Preserving endangered languages
This means two things – first, the translation quality can vary a lot, and it can be especially low when translating into low-resourced languages. Secondly, the developers need the help of speakers of these languages in the form of contributing correct translations on the platform.
She said there were several reasons for developing machine translation for low-resource languages. For example, philologists and others need the machine translation option to understand texts without learning the language.
Translating into these languages is also a way of preserving endangered languages and supporting the speakers of these languages. This is why the translation system is open to all users and the software and the created models are open source.
The developers started to work with Finno-Ugric languages in 2021, with the first system supporting Võro, Northern Sami and Southern Sami, said Maali Tars, scientific programmer at the Institute of Computer Science.
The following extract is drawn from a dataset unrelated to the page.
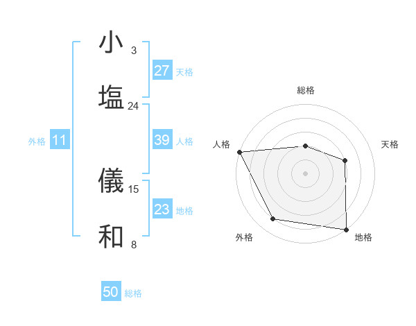 小塩 儀和さんの総格は50画の2点!

Livonian, an extremely endangered language with just about 20 near-native speakers, was added in the same year. They intend to continue to improve the quality of the machine translation system and include more Finno-Ugric languages and dialects.
The developers worked with the Livonian Institute at the University of Latvia, Võro Institute, the University of Eastern Finland and the Karelian language revitalisation programme of the University of Eastern Finland.
The Finno-Ugric world comprises 25 million people who mostly live in north-east Europe across the Nordic and Baltic regions and Russia. The four most numerous Finno-Ugric peoples are the Hungarians (13-14 million), the Finns (6-7 million), the Estonians (1.1 million) and the Mordvins (740,000). The first three inhabit independent states – Hungary, Finland and Estonia – whereas Mordovia is a republic within Russia.
* The article originally mentioned that the researchers also worked with the Arctic University of Norway; this is not the case.